SOURCE RECORDS —
▶

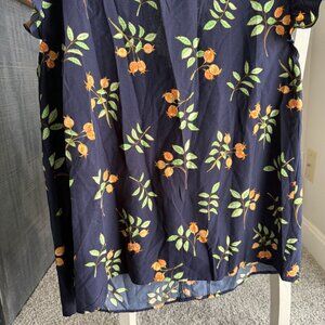 Blue sleveless top with little ruffles on shoulders SHEIN Curve
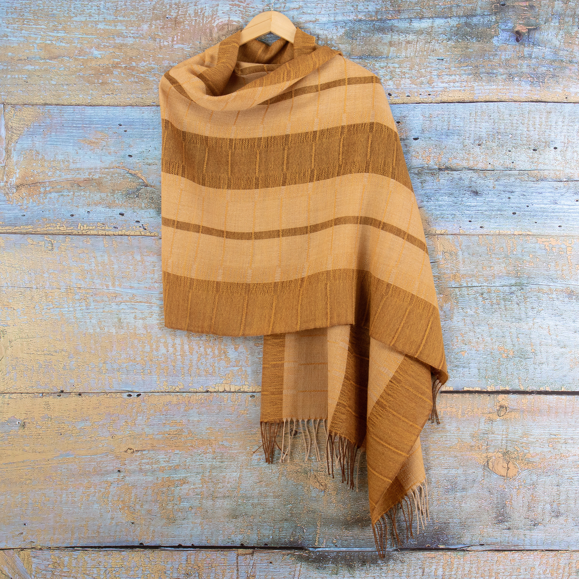 The majesty of the Andean textiles is displayed in this refined creation by master artisan Wilmer Vilchez. Loomed in Peru, this high-quality piece is crafted from soft baby alpaca yarns in a palette of brown, yellow and beige hues, making the shawl ideal for any ensemble. In addition to its stylish striped pattern, the design is also complemented with fringes for an elegant look.
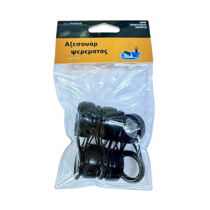 Δυνατές, ανθεκτικές θηλιές, ιδανικές για νήμα. Βοηθούν στην ομαλή μετάδοση της κίνησης της πετονιάς από το μηχανάκι μέσα από τους οδηγούς του καλαμιού και ελέγχουν αποτελεσματικά την πετονιά από τον πρώτο οδηγό, απαλείφοντας τις βιρίνες της. Βελτιώνεται σημαντικά η συμπεριφορά του καλαμιού, αυξάνεται η ισορροπία του και επιτυγχάνονται ακριβέστερες και μακρύτερες βολές. Είναι ελαφριές για να μειώνεται το συνολικό βάρος και χάρη στον εργονομικό σχεδιασμό, ελαχιστοποιείται ο κίνδυνος μπερδέματος. Το σετ περιλαμβάνει 5 οδηγούς διαφορετικού μεγέθους. Αυθεντικό προϊόν Tradesor.
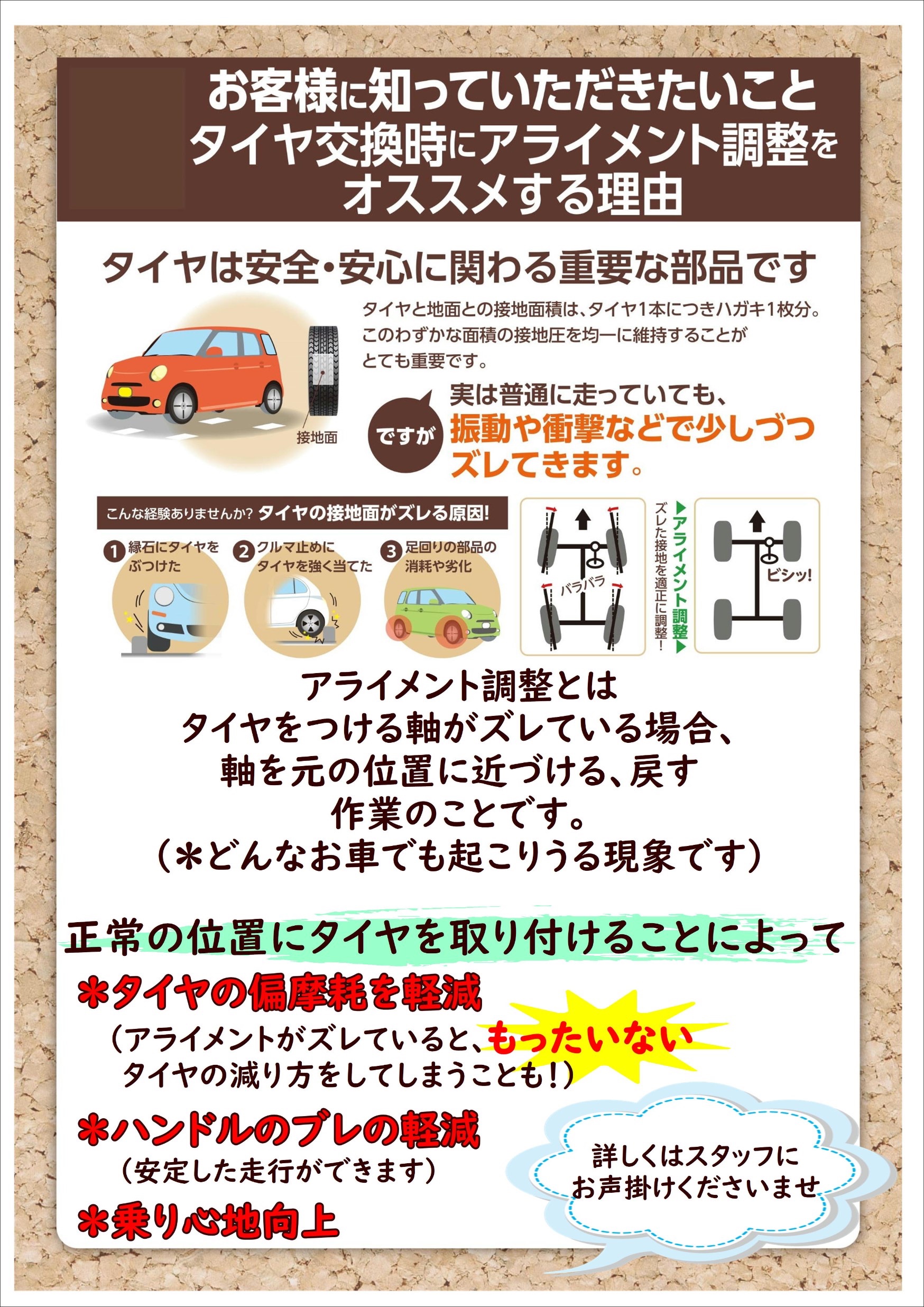 ( タイヤ交換 アライメント調整 エンジンオイル交換 バッテリー交換 エアコンフィルター交換 ワイパー交換 ヘッドライトコーティング 車内消臭・除菌 タイヤローテーション など)
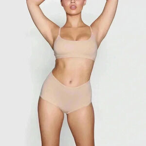 SKIMS Fits Everybody bralette, scoop neck bralette, seamless bralette XL, nude bralette, clay SKIMS, adjustable strap bralette, everyday comfort lingerie, lightweight pullover bralette, soft nylon bralette, stretchy seamless bralette .
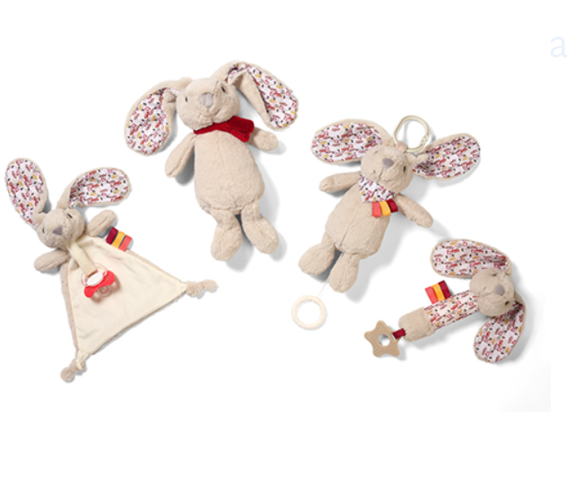 Je to viac ako len plyšová látka. Má tiež praktický prívesok na cumlík a farebné štítky nabádajú k hre a objavovaniu sveta.

◀

WHAT YOU HAVE TO DO — Beginning with the line that holds "SKIMS Fits Everybody" and ending with the last line of the material above, extract every line exactly, pictures excluded.

RESULT FOR THIS EXERCISE —
 SKIMS Fits Everybody bralette, scoop neck bralette, seamless bralette XL, nude bralette, clay SKIMS, adjustable strap bralette, everyday comfort lingerie, lightweight pullover bralette, soft nylon bralette, stretchy seamless bralette .
 Je to viac ako len plyšová látka. Má tiež praktický prívesok na cumlík a farebné štítky nabádajú k hre a objavovaniu sveta.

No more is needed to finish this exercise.